- _Task requirements_
Could you retype every line below exactly, omitting the images?

- _Data shown_
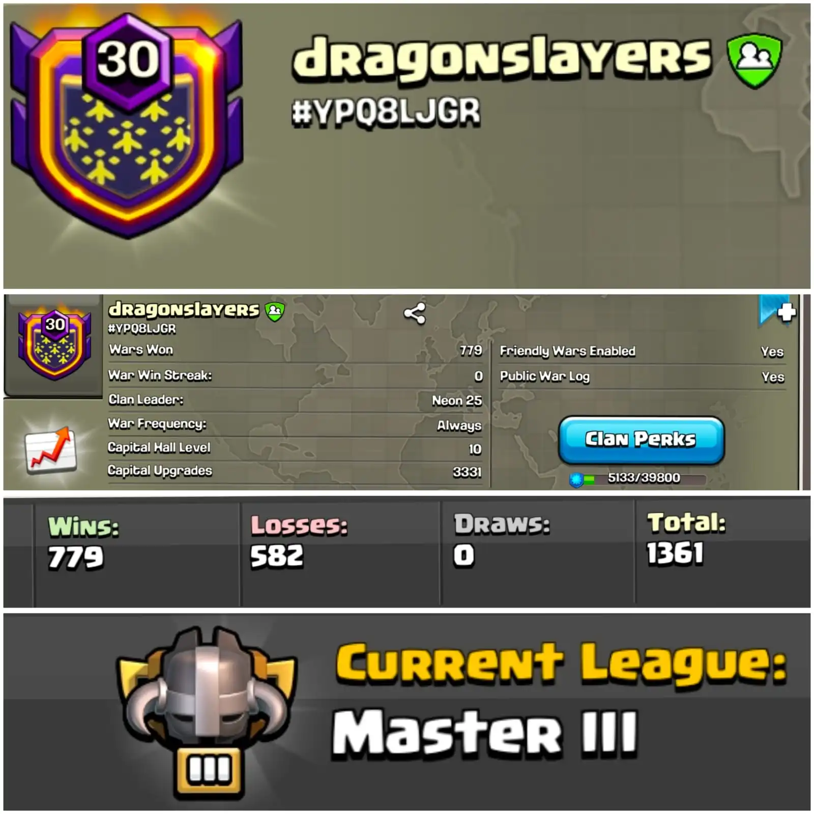 Level 30 | Name- DragonSlayerrs | Clan Capital 10 | Master League | Fast Delivery
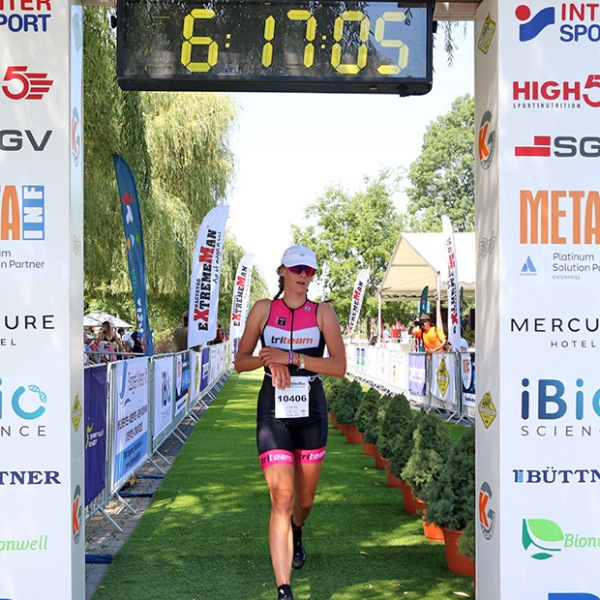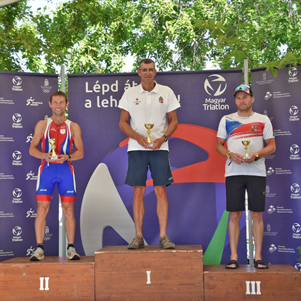 The “boiling” already started in the 2,7 km swimming part in the crystal clear but rather hot – 26 degree water. The start was at 7.30 together with the traditional Ironman so 200 athletes jump into the water at the same time. After some mass incidences in the first hundred meters everybody found his place in the water, quadrathletes mainly in the front groups. The first group (Laurent Martinou-FRA, Ferenc Csima-HUN, Anna Zágorska-POL and Leoš Roušavý-CZE) was come out from the water after 41 minutes and started the 20 km kayak part. Temperature already reached 30 degrees at the kayak start and reached 35 degrees at the finish. Here Zágorska in the women’s race and Csima in the men’s race worked out a big gap against the pursuers. Rousavy overtook Martinou with some minutes. The 62 km bike track was rather flat with only some small “mountains”. Here also the heat was the biggest challenge, but everybody managed to keep his speed. The leaders kept their positions, Martinou overtook Rousavy just before finishing the bike part. The biggest challenge of the day came on the running course. Temperatures reached 40 degrees which influenced the performance of all athletes although there were refreshment stations at every km. Zágorska and Csima managed to keep a stable tempo on the 21 km, but first Rousavy later Martinou suffered heavily from the heat and were loosing tempo.
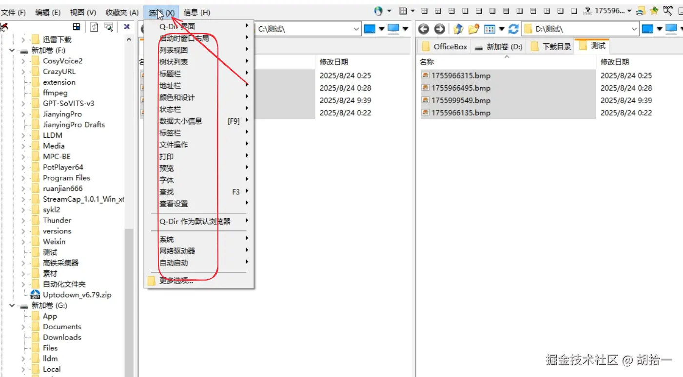4、选项这里,你可以对界面的布局,列表、地址栏字体等一系列做出调整
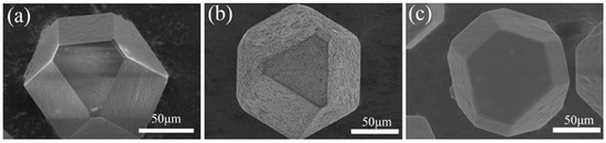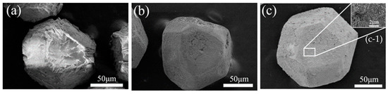 Figure 2 shows the SEM images for the diamond particles with different coatings. After a high temperature process, a complete coating coverage is obtained at the B4C-coated diamond and Cr–B–C-coated diamond, and no cracking or spalling is found on the diamond surface. As shown in Figure 2b, a large number of small particles are deposited on the surface of diamond due to the formation of B4C particles. As a contrast, the Cr–B–C-coated diamond (Figure 2c) shows a relative smoother surface without any obvious particles. In addition, B4C-coated diamond can still maintain polyhedron shape, but the shape of the Cr–B–C-coated diamond has changed from sharp corners to nearly spherical. This also indicates that the two-step synthesis method of Cr–B–C coatings continue to grow on the basis of the B4C coating, and the thickness of the coating is greater than that of B4C.

- _Final answer_
 Level 30 | Name- DragonSlayerrs | Clan Capital 10 | Master League | Fast Delivery
 The “boiling” already started in the 2,7 km swimming part in the crystal clear but rather hot – 26 degree water. The start was at 7.30 together with the traditional Ironman so 200 athletes jump into the water at the same time. After some mass incidences in the first hundred meters everybody found his place in the water, quadrathletes mainly in the front groups. The first group (Laurent Martinou-FRA, Ferenc Csima-HUN, Anna Zágorska-POL and Leoš Roušavý-CZE) was come out from the water after 41 minutes and started the 20 km kayak part. Temperature already reached 30 degrees at the kayak start and reached 35 degrees at the finish. Here Zágorska in the women’s race and Csima in the men’s race worked out a big gap against the pursuers. Rousavy overtook Martinou with some minutes. The 62 km bike track was rather flat with only some small “mountains”. Here also the heat was the biggest challenge, but everybody managed to keep his speed. The leaders kept their positions, Martinou overtook Rousavy just before finishing the bike part. The biggest challenge of the day came on the running course. Temperatures reached 40 degrees which influenced the performance of all athletes although there were refreshment stations at every km. Zágorska and Csima managed to keep a stable tempo on the 21 km, but first Rousavy later Martinou suffered heavily from the heat and were loosing tempo.
4、选项这里,你可以对界面的布局,列表、地址栏字体等一系列做出调整
 Figure 2 shows the SEM images for the diamond particles with different coatings. After a high temperature process, a complete coating coverage is obtained at the B4C-coated diamond and Cr–B–C-coated diamond, and no cracking or spalling is found on the diamond surface. As shown in Figure 2b, a large number of small particles are deposited on the surface of diamond due to the formation of B4C particles. As a contrast, the Cr–B–C-coated diamond (Figure 2c) shows a relative smoother surface without any obvious particles. In addition, B4C-coated diamond can still maintain polyhedron shape, but the shape of the Cr–B–C-coated diamond has changed from sharp corners to nearly spherical. This also indicates that the two-step synthesis method of Cr–B–C coatings continue to grow on the basis of the B4C coating, and the thickness of the coating is greater than that of B4C.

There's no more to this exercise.